- [INFORMATION]
╭──
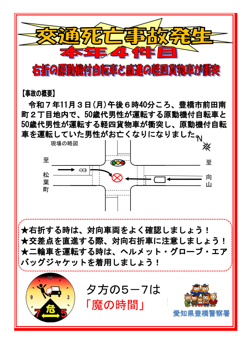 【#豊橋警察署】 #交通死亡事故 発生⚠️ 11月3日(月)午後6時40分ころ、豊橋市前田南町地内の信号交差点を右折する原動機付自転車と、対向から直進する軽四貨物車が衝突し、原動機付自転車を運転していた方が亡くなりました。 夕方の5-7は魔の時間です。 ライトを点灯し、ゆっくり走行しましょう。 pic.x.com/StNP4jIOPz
╰──
╭──
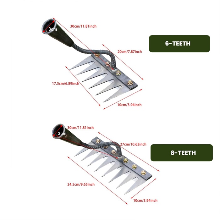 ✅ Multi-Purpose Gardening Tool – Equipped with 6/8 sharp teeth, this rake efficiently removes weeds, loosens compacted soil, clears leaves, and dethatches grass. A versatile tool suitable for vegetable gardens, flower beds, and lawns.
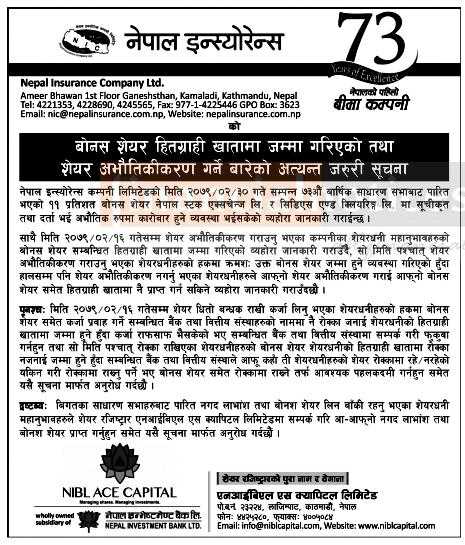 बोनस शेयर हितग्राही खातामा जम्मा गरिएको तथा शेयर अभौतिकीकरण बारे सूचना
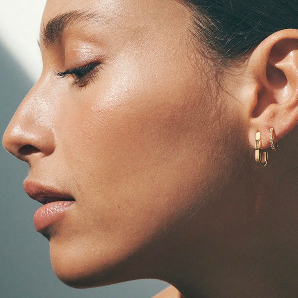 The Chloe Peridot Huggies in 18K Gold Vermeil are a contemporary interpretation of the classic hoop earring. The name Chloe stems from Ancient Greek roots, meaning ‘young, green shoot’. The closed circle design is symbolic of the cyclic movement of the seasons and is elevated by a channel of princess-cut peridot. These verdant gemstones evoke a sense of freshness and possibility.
╰──
- [WHAT IS EXPECTED] Above are some records; extract exactly the lines from the one containing "बोनस शेयर हितग्राही" through the one containing "The Chloe Peridot" and drop the pictures.

- [ANSWER TO THE PROBLEM]
 बोनस शेयर हितग्राही खातामा जम्मा गरिएको तथा शेयर अभौतिकीकरण बारे सूचना
 The Chloe Peridot Huggies in 18K Gold Vermeil are a contemporary interpretation of the classic hoop earring. The name Chloe stems from Ancient Greek roots, meaning ‘young, green shoot’. The closed circle design is symbolic of the cyclic movement of the seasons and is elevated by a channel of princess-cut peridot. These verdant gemstones evoke a sense of freshness and possibility.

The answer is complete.